Copy, exactly and without additions, every line in the records below from the one holding "下图是她最近晒出的隶书春联作" through the one holding "Bright green gift", both ends included.
┌─ DATA IN THIS EXERCISE
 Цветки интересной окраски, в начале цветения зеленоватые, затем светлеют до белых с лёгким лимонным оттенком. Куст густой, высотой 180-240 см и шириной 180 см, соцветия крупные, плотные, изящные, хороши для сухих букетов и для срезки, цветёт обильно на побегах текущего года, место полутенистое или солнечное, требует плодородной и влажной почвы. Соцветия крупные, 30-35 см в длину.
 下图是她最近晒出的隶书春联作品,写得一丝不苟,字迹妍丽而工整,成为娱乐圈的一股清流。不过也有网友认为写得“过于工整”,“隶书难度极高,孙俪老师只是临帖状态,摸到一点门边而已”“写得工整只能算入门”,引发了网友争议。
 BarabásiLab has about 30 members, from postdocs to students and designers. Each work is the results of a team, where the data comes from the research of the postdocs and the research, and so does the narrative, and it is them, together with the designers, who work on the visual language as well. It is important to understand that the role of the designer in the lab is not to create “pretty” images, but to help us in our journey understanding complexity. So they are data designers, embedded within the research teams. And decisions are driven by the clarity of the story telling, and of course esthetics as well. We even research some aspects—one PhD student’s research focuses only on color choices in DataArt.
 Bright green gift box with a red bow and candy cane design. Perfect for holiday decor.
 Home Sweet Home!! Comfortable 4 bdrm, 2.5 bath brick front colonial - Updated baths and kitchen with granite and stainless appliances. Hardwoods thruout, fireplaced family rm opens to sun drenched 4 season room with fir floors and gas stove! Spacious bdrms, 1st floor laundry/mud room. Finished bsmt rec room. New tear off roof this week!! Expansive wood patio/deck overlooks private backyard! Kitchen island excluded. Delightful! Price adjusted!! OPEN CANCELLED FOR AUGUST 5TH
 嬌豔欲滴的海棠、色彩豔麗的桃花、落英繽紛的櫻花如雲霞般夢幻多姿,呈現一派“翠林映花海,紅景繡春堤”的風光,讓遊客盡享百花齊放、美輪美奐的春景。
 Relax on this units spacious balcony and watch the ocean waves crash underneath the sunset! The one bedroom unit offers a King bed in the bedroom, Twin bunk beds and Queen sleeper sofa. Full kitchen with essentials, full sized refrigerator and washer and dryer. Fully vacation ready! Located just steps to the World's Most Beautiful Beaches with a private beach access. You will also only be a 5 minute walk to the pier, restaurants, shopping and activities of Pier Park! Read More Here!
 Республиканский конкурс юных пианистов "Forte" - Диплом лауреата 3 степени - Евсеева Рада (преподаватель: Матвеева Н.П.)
└─
┌─ DATA IN THIS EXERCISE
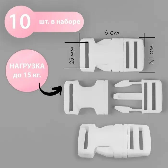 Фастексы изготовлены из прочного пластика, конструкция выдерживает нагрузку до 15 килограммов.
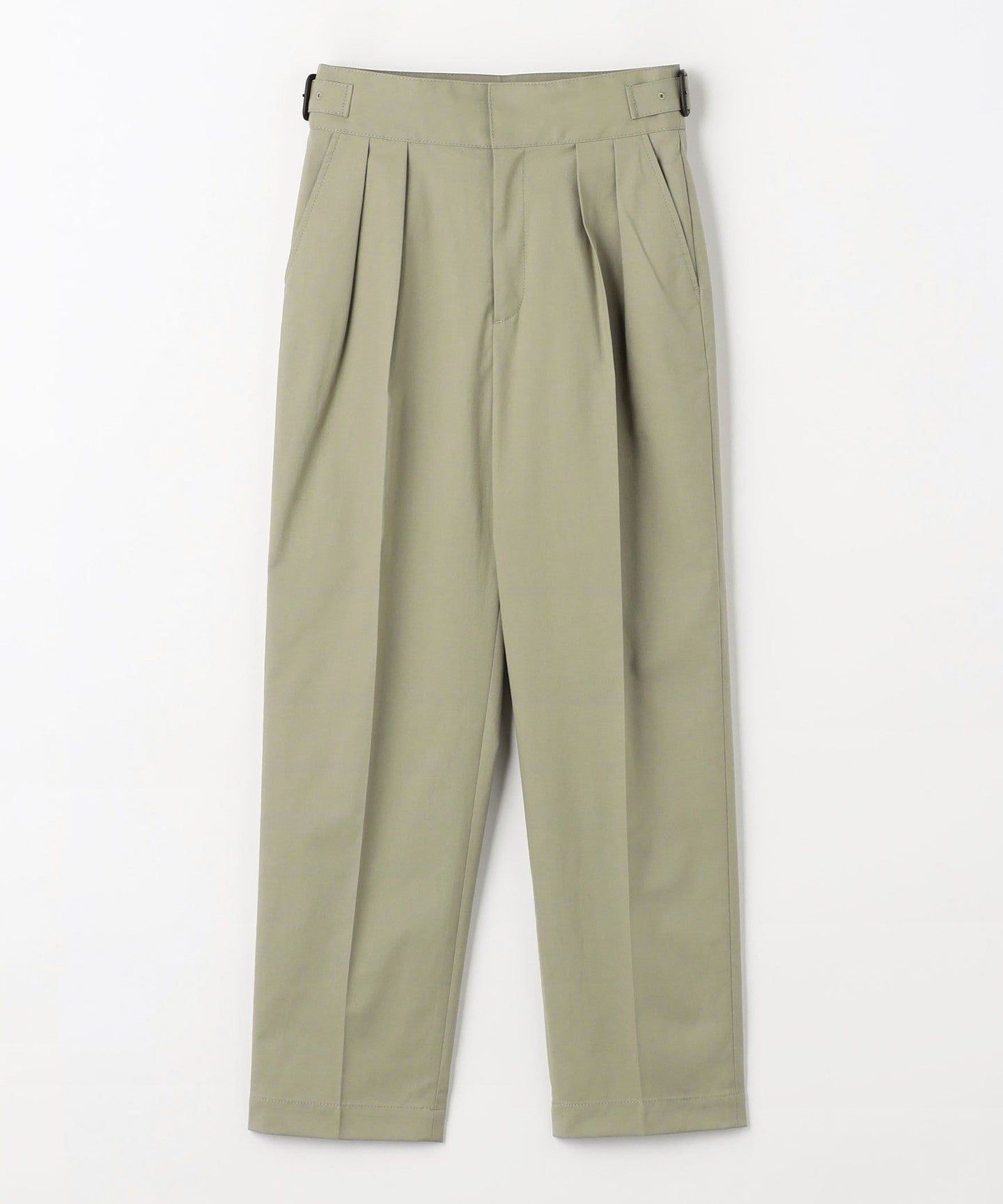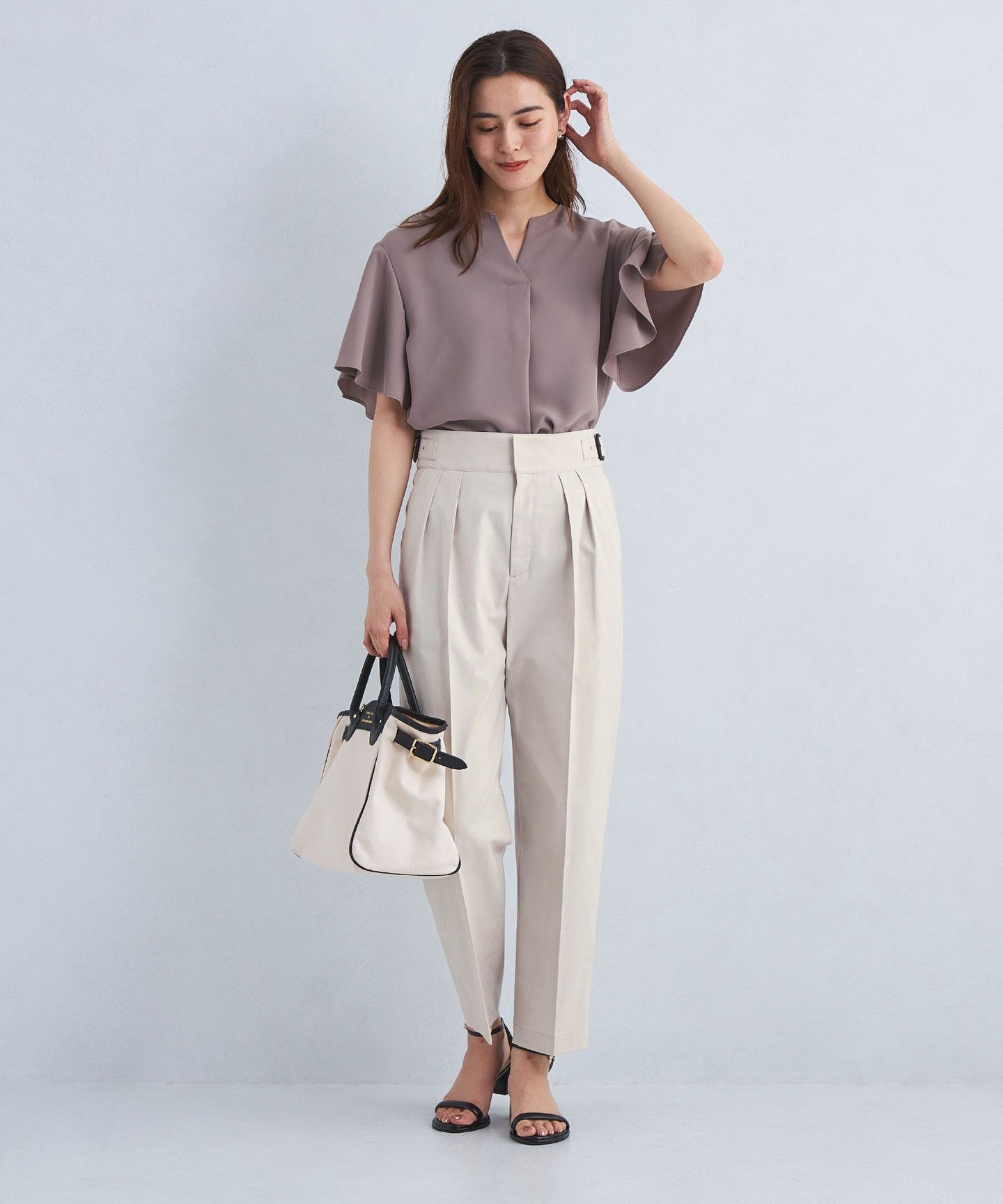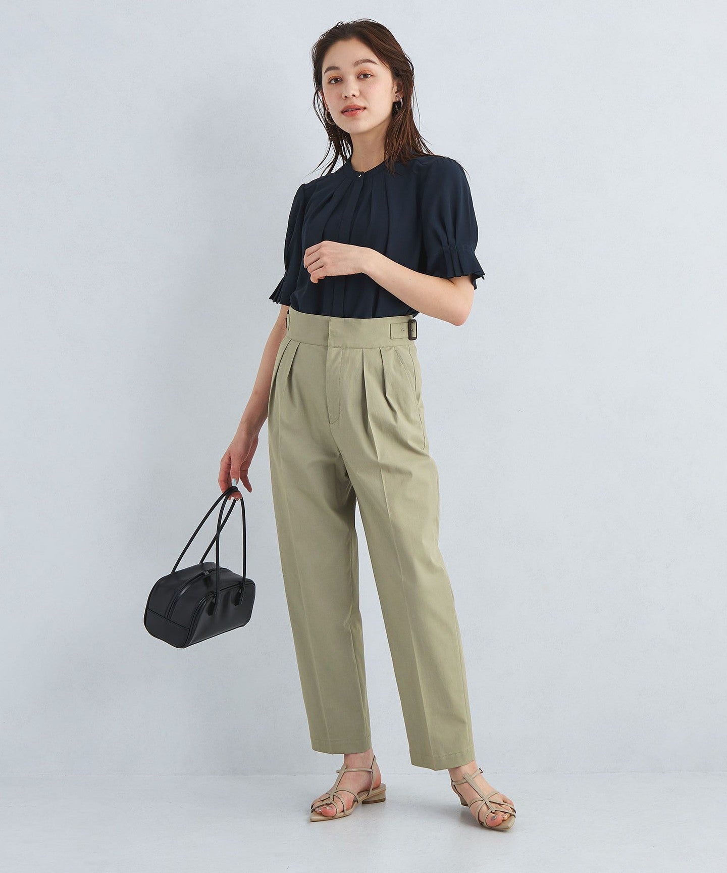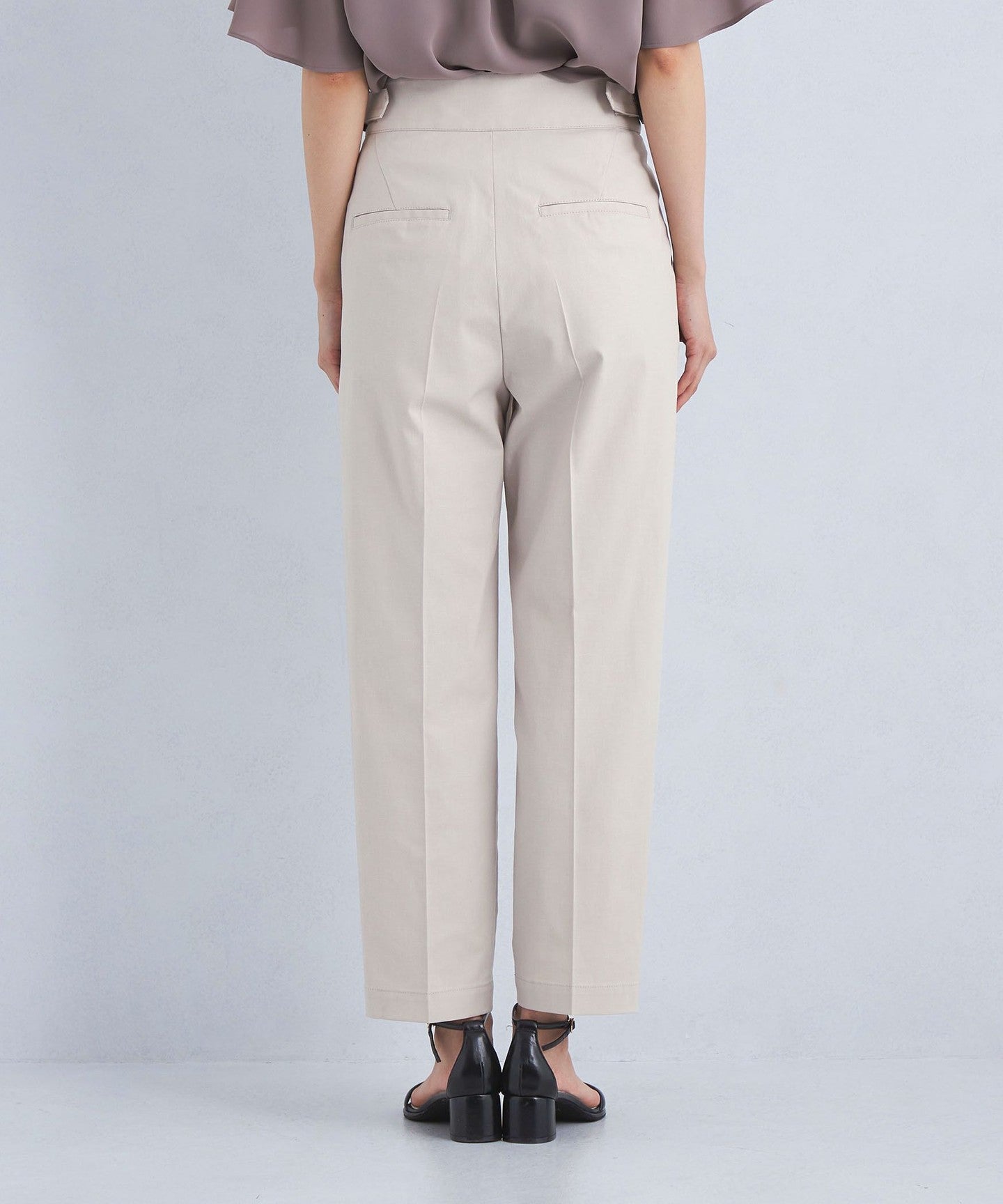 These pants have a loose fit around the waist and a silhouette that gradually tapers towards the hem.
└─
#### ANSWER TO THIS PROBLEM:
 下图是她最近晒出的隶书春联作品,写得一丝不苟,字迹妍丽而工整,成为娱乐圈的一股清流。不过也有网友认为写得“过于工整”,“隶书难度极高,孙俪老师只是临帖状态,摸到一点门边而已”“写得工整只能算入门”,引发了网友争议。
 BarabásiLab has about 30 members, from postdocs to students and designers. Each work is the results of a team, where the data comes from the research of the postdocs and the research, and so does the narrative, and it is them, together with the designers, who work on the visual language as well. It is important to understand that the role of the designer in the lab is not to create “pretty” images, but to help us in our journey understanding complexity. So they are data designers, embedded within the research teams. And decisions are driven by the clarity of the story telling, and of course esthetics as well. We even research some aspects—one PhD student’s research focuses only on color choices in DataArt.
 Bright green gift box with a red bow and candy cane design. Perfect for holiday decor.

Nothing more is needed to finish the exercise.